Gross, manager of the $293 billion Total Return Fund (PTTRX) for Newport Beach, California-based Pacific Investment Management Co., said in a Twitter post on May 10 that a three-decade bull market in bonds probably ended April 29. Investors chasing yield have led to “frothiness” in some markets, analysts at Morgan Stanley led by Adam Richmond in New York wrote in a May 17 report.
“Investors have cash to spend yet fewer alternatives to buy,” the Morgan Stanley analysts wrote. Purchasers are having to accumulate corporate bonds “at levels sometimes not justified by fundamentals,” they wrote.
Elsewhere in credit markets, the cost of protecting corporate bonds from default in the U.S. declined. The Markit CDX North American Investment Grade Index, which investors use to hedge against losses or to speculate on creditworthiness, decreased 0.06 basis point to a mid-price of 70.3 basis points as of 10:46 a.m. in New York, according to prices compiled by Bloomberg.
The index typically falls as investor confidence improves and rises as it deteriorates. Credit-default swaps pay the buyer face value if a borrower fails to meet its obligations, less the value of the defaulted debt. A basis point equals $1,000 annually on a contract protecting $10 million of debt.
The U.S. two-year interest-rate swap spread, a measure of debt market stress, increased 0.1 basis point to 14.75 basis points as of 10:45 a.m. in New York. The gauge widens when investors seek the perceived safety of government securities and narrows when they favor assets such as company debentures.
Bonds of Cupertino, California-based Apple Inc. are the most actively traded dollar-denominated corporate securities by dealers today, accounting for 4.44 percent of the volume of dealer trades of $1 million or more as of 10:44 a.m. in New York, according to Trace, the bond-price reporting system of the Financial Industry Regulatory Authority.
Corporate bond offerings in the U.S. have exceeded the $29.5 billion weekly average for the past 12 months in each of the past five weeks, propelling sales to the busiest pace ever.
Issuance has reached $689.6 billion this year, exceeding the $593.2 billion in the corresponding period of 2012. Globally, offerings total $1.66 trillion, the fastest pace behind $1.8 trillion in the similar timeframe in 2009.
“Investors worldwide still have a substantial appetite to own high-quality, fixed-income assets,” RBS’s Marrinan said. “The crowding-out effect of central bank purchases of government securities is forcing the investors into a diminishing pool of buyable high-quality corporate exposure.”
Rio de Janeiro-based Petrobras split its offering in six parts, including fixed-rate bonds due in three, five, 10 and 30 years as well as three- and five-year floating-rate bonds, Bloomberg data show.

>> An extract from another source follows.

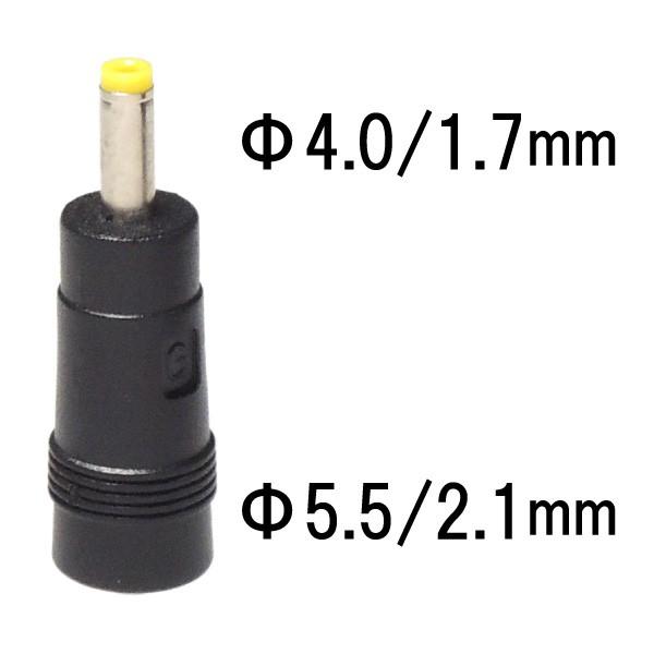 DCジャック(メス端子): 外径: φ5.5mm 内径: φ2.1mm変換後プラグ(オス端子): 外径: φ4.0mm 内径: φ1.7mm 端子長: 11mm

Apple sold $17 billion of bonds in the biggest corporate offering on record on April 30 as the iPhone maker issued its first debentures since 1996, Bloomberg data show. The sale included $4 billion of 1 percent, five-year notes paying a relative yield of 40 basis points and $5.5 billion of 2.4 percent, 10-year securities with a 75 basis-point spread.
Proceeds from the Apple offering will help finance a $100 billion capital reward for shareholders. The sale was a “great example of companies using funds for equity-friendly behavior,” John Lonski, chief economist for Moody’s Capital Markets Research Group in New York, said in a telephone interview.
Buffett said he isn’t investing in corporate debt, including Apple’s record offering, because yields are too low.
“We’re not buying corporate bonds of any kind now,” Buffett, 82, said May 4 during an interview with Bloomberg TV’s Betty Liu in Omaha, where Berkshire held its annual meeting. “Not at those yields.”
Gross, known as “The Bond King” in media outlets and named fixed-income manager of the decade in January 2010 by Morningstar Inc., said May 10 that returns will probably be in the range of 2 percent to 3 percent.
Markets are entering “a 12-month period of time ahead in which, combined, Treasury, corporate and high yields don’t move much,” Gross, the co-founder and co-chief investment officer of Pimco, said in a May 16 Bloomberg Television interview with Erik Schatzker and Sara Eisen.
“Given this juncture where we are, there are a lot of different opinions and the range is pretty wide,” Dorian Garay, a New York-based money manager for an investment-grade debt fund at ING Investment Management, said in a telephone interview. “Uncertainty is pretty high.”
The Federal Open Market Committee said May 1 it will keep up its monthly purchases of mortgage bonds and $45 billion in Treasuries, and is ready to increase or reduce the pace in response to changes in the outlook for inflation and the labor market.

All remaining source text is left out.